UNITED STATES
SECURITIES AND EXCHANGE COMMISSION
Washington, D.C. 20549
FORM 8-K
CURRENT REPORT
Pursuant to Section 13 OR 15(d) of The Securities Exchange Act of 1934
Date of Report (date of earliest event reported) May 30, 2023
Consensus Cloud Solutions, Inc.
(Exact name of registrant as specified in its charter)
Delaware | 001-40750 | 87-1139414 | |||||||||||||||||||||||||||||||||||||||||||||||||||
(State or other jurisdiction of incorporation or organization) | (Commission File Number) | (I.R.S. Employer Identification No.) |
700 S. Flower Street, 15th Floor
Los Angeles, California 90017
Los Angeles, California 90017
(Address of principal executive offices) (Zip Code)
(323) 860-9200
(Registrant's telephone number, including area code)
Check the appropriate box below if the Form 8-K filing is intended to simultaneously satisfy the filing obligation of the registrant under any of the following provisions (see General Instruction A.2. below):
☐Written communications pursuant to Rule 425 under the Securities Act (17 CFR 230.425)
☐Soliciting material pursuant to Rule 14a-12 under the Exchange Act (17 CFR 240.14a-12)
☐Pre-commencement communications pursuant to Rule 14d-2(b) under the Exchange Act (17 CFR 240.14d-2(b))
☐Pre-commencement communications pursuant to Rule 13e-4(c) under the Exchange Act (17 CFR 240.13e-4(c))
Securities registered pursuant to Section 12(b) of the Act:
Title of each class | Trading Symbol(s) | Name of each exchange on which registered | ||||||||||||||||||||||||
Common Stock, $0.01 par value | CCSI | Nasdaq Stock Market LLC |
Indicate by check mark whether the registrant is an emerging growth company as defined in Rule 405 of the Securities Act of 1933 (§230.405 of this chapter) or Rule 12b-2 of the Securities Exchange Act of 1934 (§240.12b-2 of this chapter).
Emerging growth company ☐
If an emerging growth company, indicate by check mark if the registrant has elected not to use the extended transition period for complying with any new or revised financial accounting standards provided pursuant to Section 13(a) of the Exchange Act.
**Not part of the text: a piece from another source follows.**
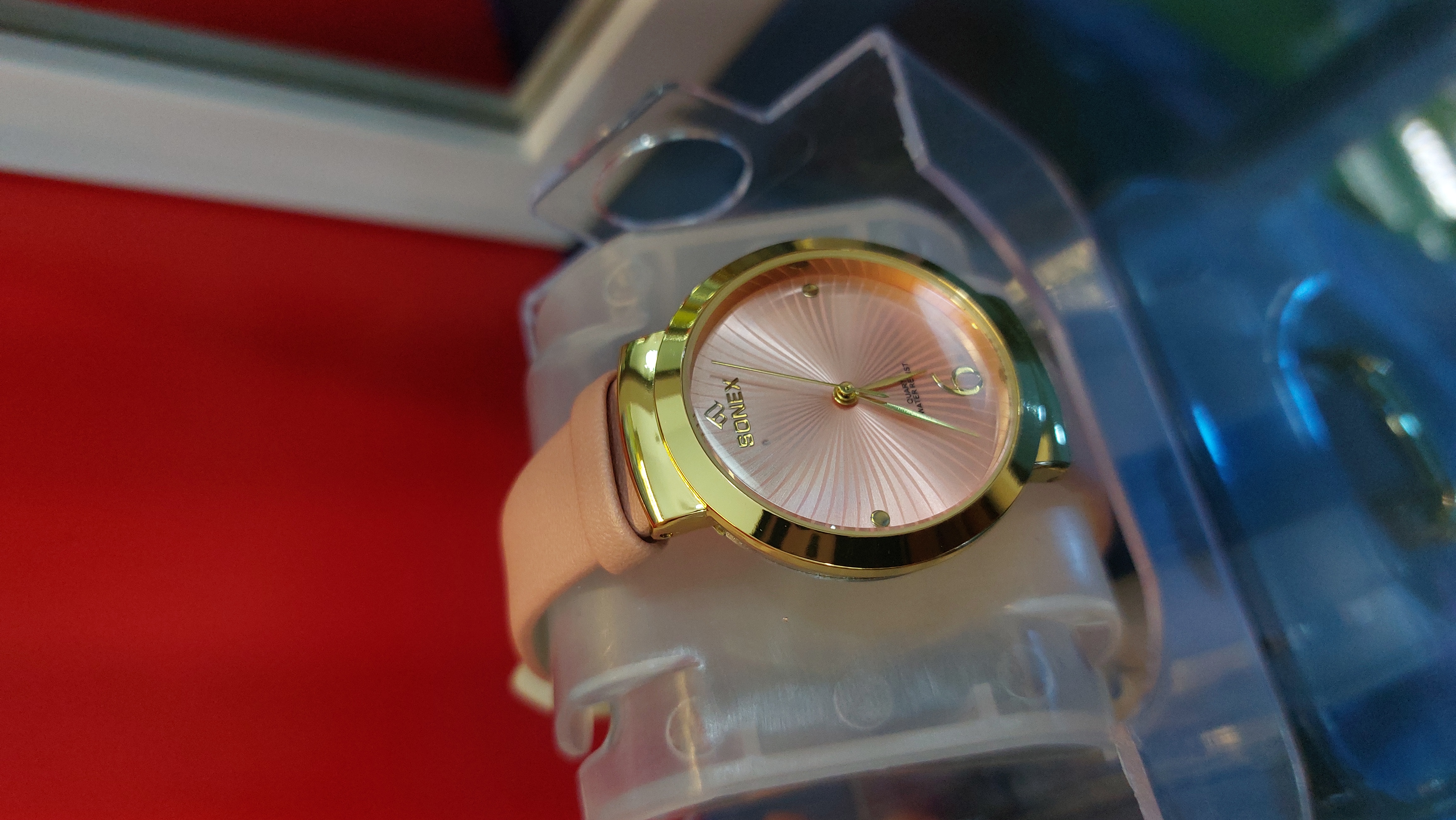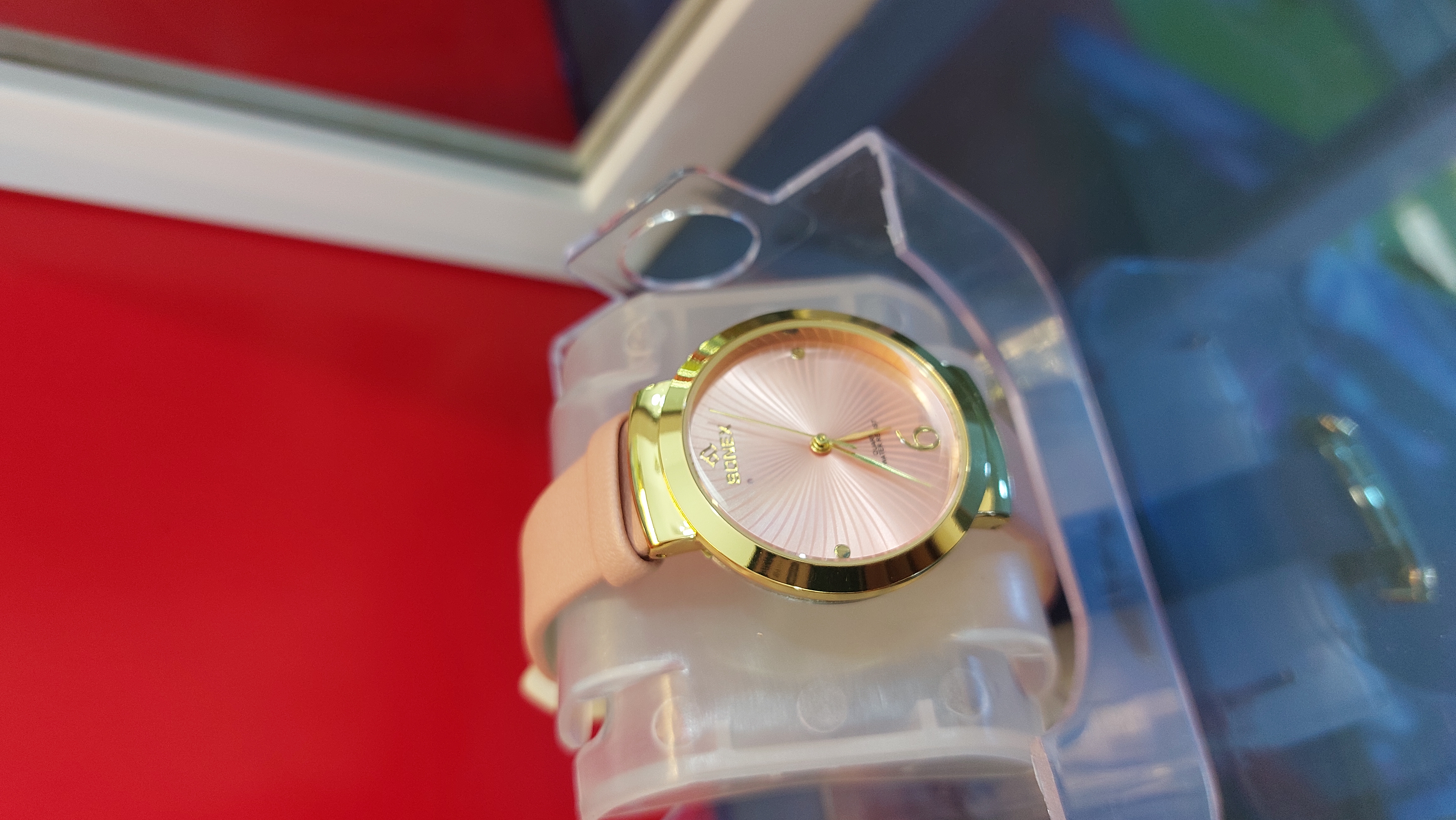 یک ساعت مچی بسیاز زیبا جنس رنگ پاستیلی صورتی جنس بند ساعت چرم مصنوعی

Item 4.01. Changes in Registrant’s Certifying Accountant
In consideration of a potential audit firm rotation, the Audit Committee of the Board of Directors of Consensus Cloud Solutions, Inc. (the “Company”) conducted a competitive process to determine the Company’s independent registered public accounting firm for the fiscal year ending December 31, 2023. The Audit Committee considered multiple registered public accounting firms to participate in this process. On May 31, 2023, following the review and evaluation of the proposals from the participating firms, the Audit Committee selected Deloitte & Touche LLP (“Deloitte”) as the Company’s new independent registered public accounting firm for the Company’s fiscal year ending December 31, 2023. On May 30, 2023, the Company informed BDO USA, LLP (“BDO”), the Company’s independent registered public accounting firm that the Audit Committee had determined to dismiss BDO, effective immediately.
BDO’s audit reports on the Company’s consolidated financial statements as of and for the fiscal years ended December 31, 2021 and December 31, 2022 did not contain any adverse opinion or a disclaimer of opinion, and were not qualified or modified as to uncertainty, audit scope or accounting principles.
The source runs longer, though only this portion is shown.